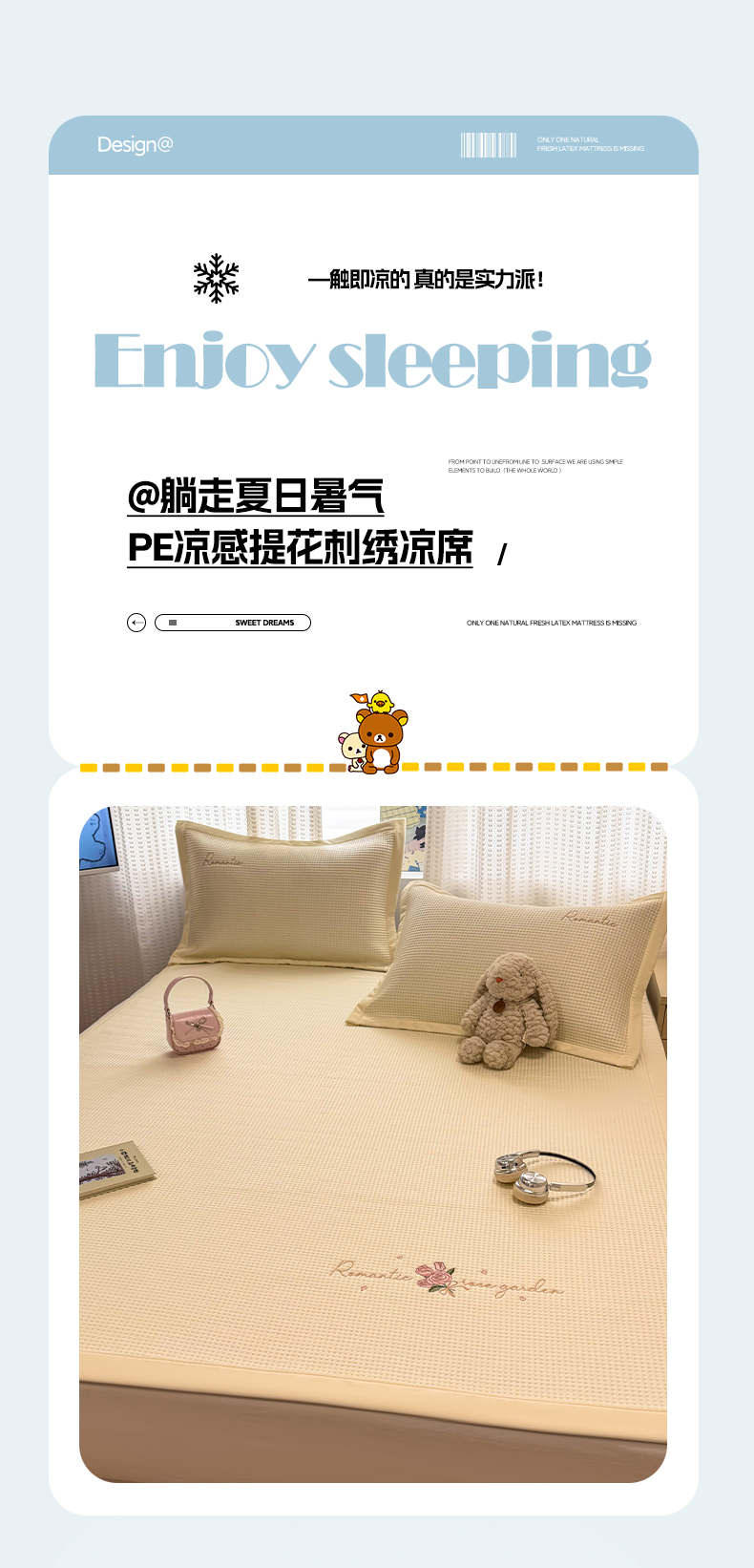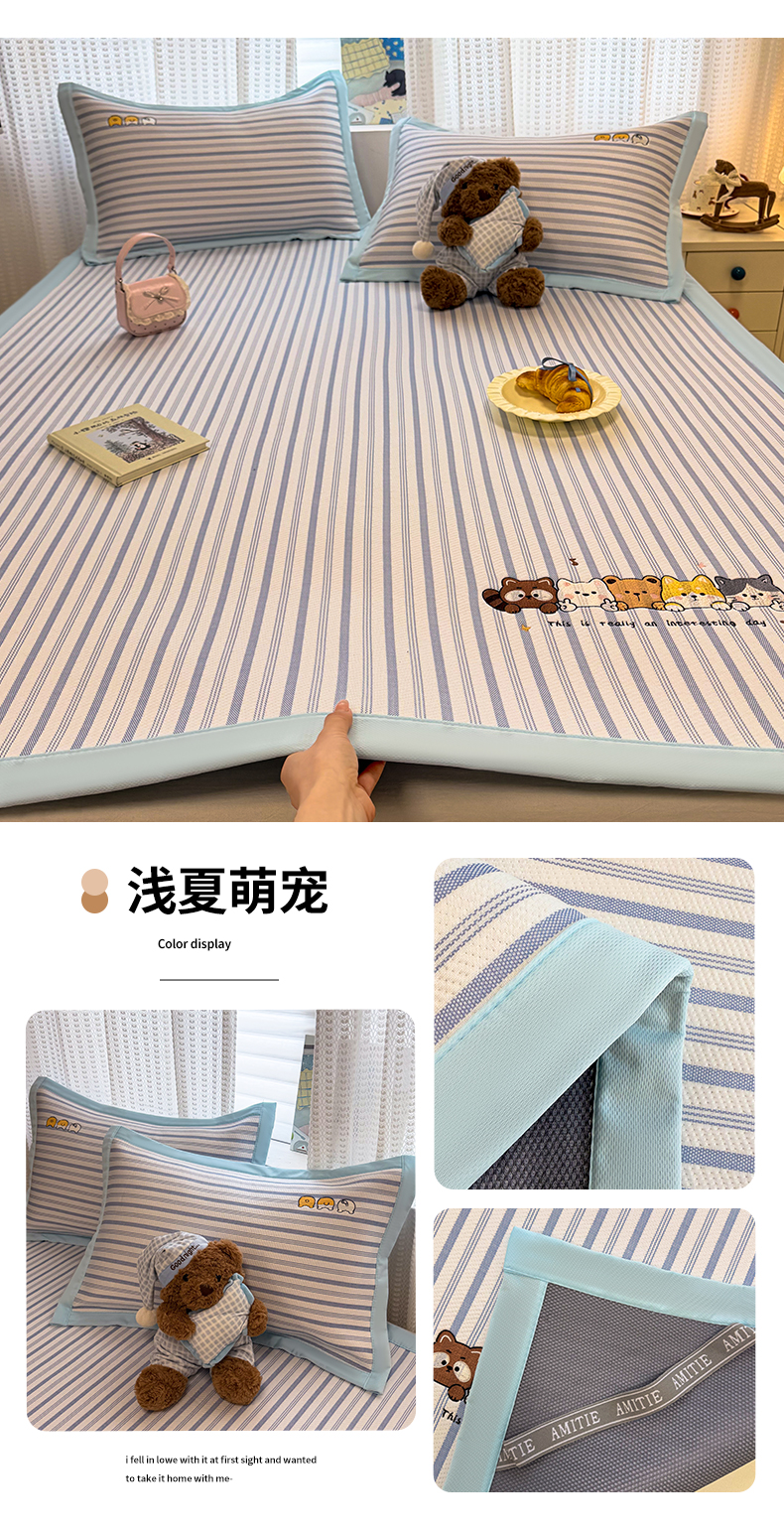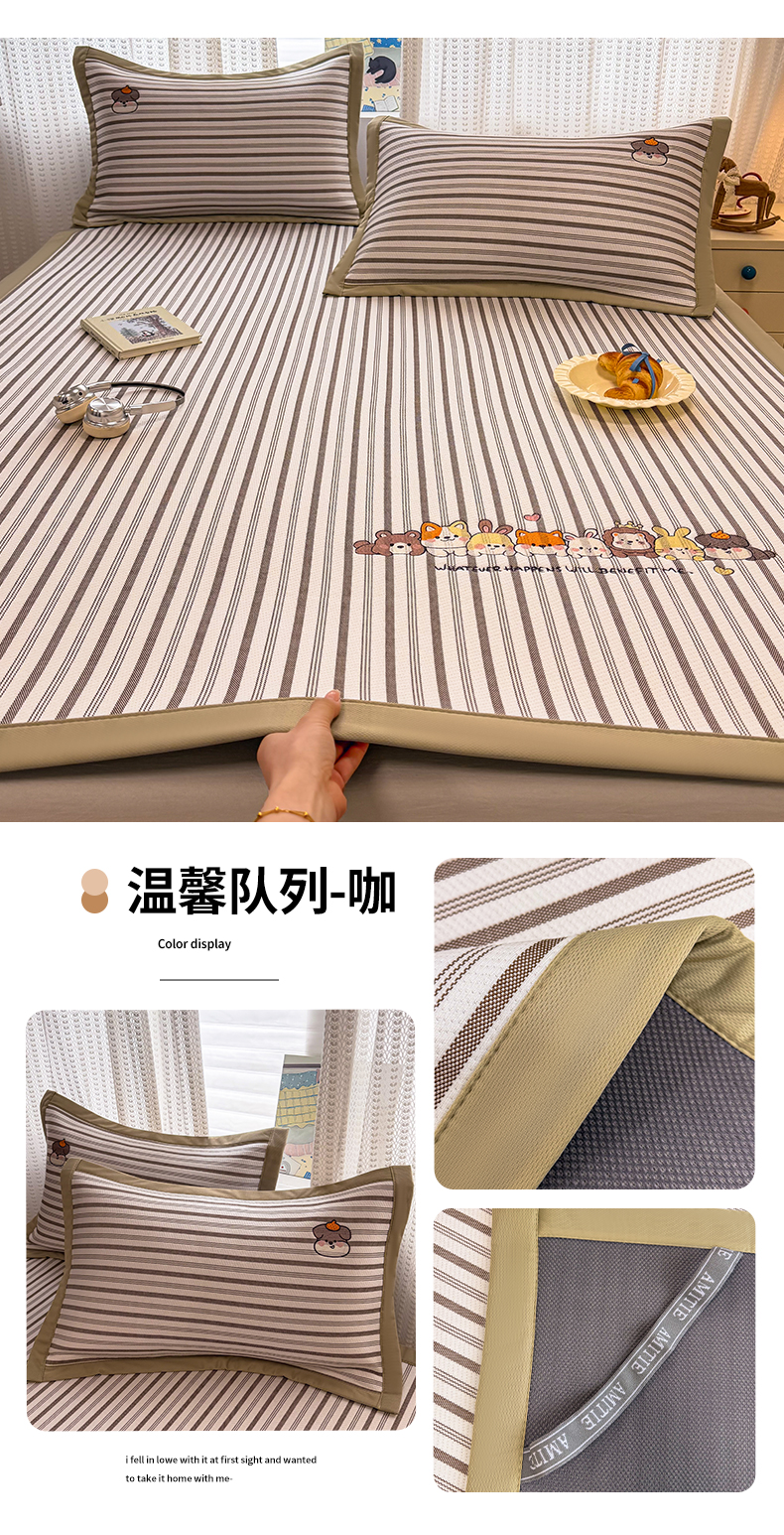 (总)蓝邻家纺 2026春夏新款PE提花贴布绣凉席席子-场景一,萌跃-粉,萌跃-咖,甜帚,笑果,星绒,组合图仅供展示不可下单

+--

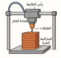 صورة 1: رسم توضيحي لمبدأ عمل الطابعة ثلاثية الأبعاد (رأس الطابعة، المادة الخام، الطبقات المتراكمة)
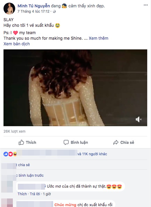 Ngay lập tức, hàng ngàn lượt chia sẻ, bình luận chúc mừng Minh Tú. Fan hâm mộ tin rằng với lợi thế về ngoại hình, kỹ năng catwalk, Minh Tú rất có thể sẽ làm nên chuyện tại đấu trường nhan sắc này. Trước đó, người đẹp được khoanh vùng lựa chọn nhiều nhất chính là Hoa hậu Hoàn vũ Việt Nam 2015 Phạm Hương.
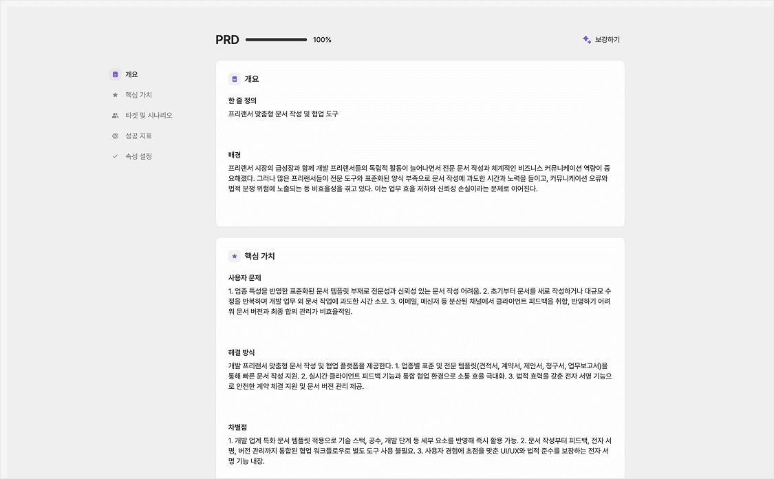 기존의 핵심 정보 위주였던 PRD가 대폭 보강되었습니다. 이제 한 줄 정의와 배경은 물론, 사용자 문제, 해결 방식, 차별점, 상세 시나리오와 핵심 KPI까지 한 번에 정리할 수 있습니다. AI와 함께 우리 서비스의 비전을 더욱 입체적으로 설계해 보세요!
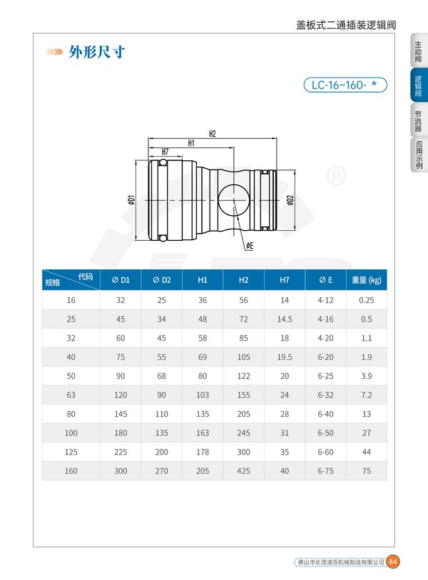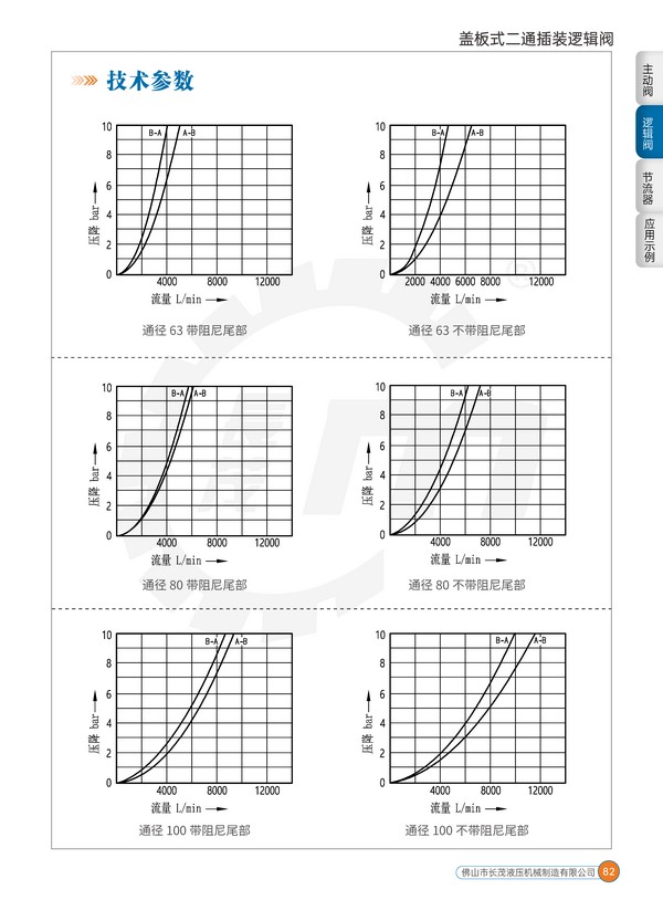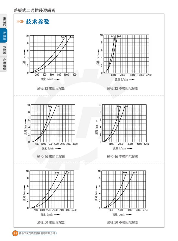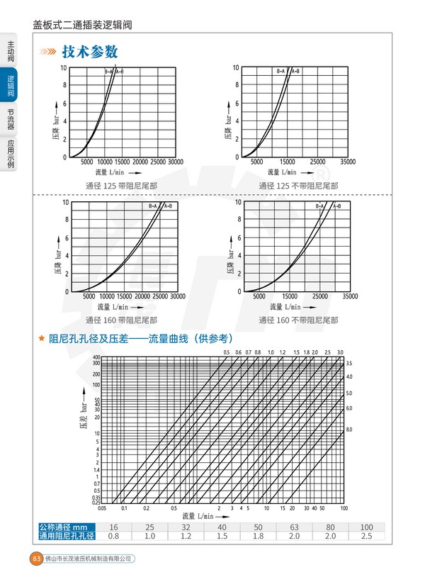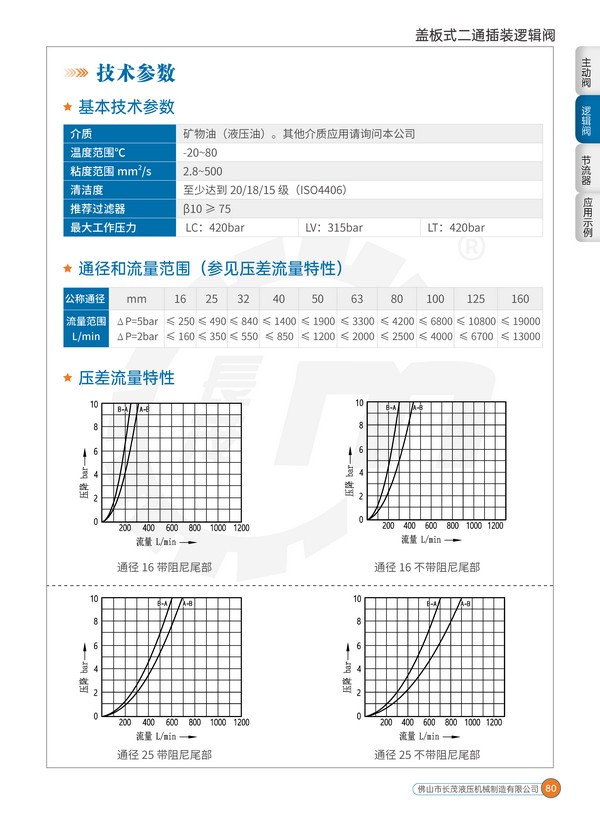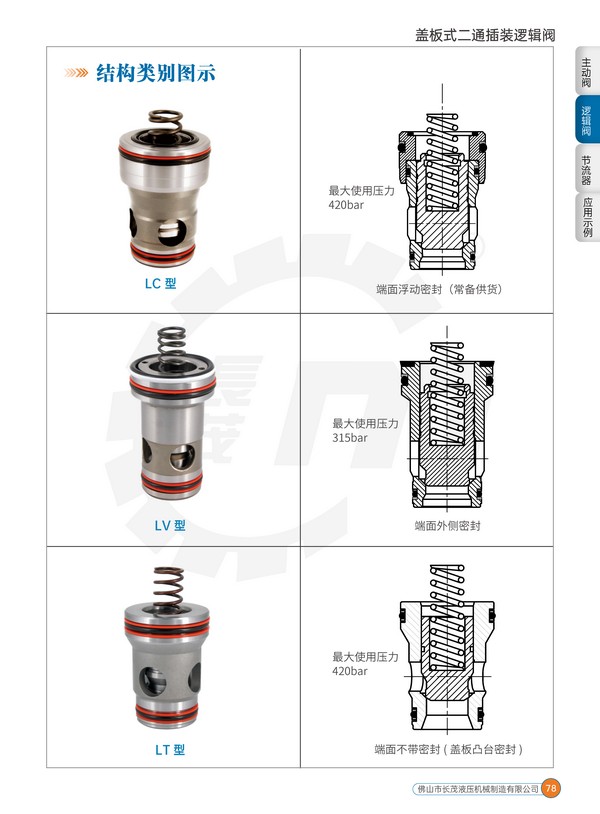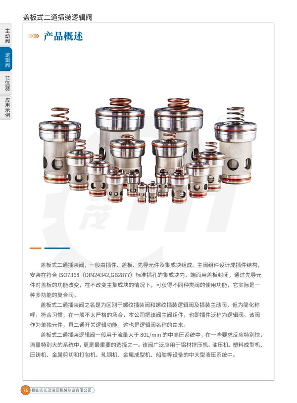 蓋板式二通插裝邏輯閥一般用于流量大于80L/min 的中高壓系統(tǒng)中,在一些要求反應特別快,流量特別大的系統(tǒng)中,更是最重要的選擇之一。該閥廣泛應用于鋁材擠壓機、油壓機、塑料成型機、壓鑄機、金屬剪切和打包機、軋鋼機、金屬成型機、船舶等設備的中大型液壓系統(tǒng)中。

+--

Your instructions: Could you output exactly the lines above, from the line with "Ngay lập tức, hàng" up to and including the line with "蓋板式二通插裝邏輯閥一般用于", and nothing else, skipping the pictures?

Task answer:
 Ngay lập tức, hàng ngàn lượt chia sẻ, bình luận chúc mừng Minh Tú. Fan hâm mộ tin rằng với lợi thế về ngoại hình, kỹ năng catwalk, Minh Tú rất có thể sẽ làm nên chuyện tại đấu trường nhan sắc này. Trước đó, người đẹp được khoanh vùng lựa chọn nhiều nhất chính là Hoa hậu Hoàn vũ Việt Nam 2015 Phạm Hương.
 기존의 핵심 정보 위주였던 PRD가 대폭 보강되었습니다. 이제 한 줄 정의와 배경은 물론, 사용자 문제, 해결 방식, 차별점, 상세 시나리오와 핵심 KPI까지 한 번에 정리할 수 있습니다. AI와 함께 우리 서비스의 비전을 더욱 입체적으로 설계해 보세요!
 蓋板式二通插裝邏輯閥一般用于流量大于80L/min 的中高壓系統(tǒng)中,在一些要求反應特別快,流量特別大的系統(tǒng)中,更是最重要的選擇之一。該閥廣泛應用于鋁材擠壓機、油壓機、塑料成型機、壓鑄機、金屬剪切和打包機、軋鋼機、金屬成型機、船舶等設備的中大型液壓系統(tǒng)中。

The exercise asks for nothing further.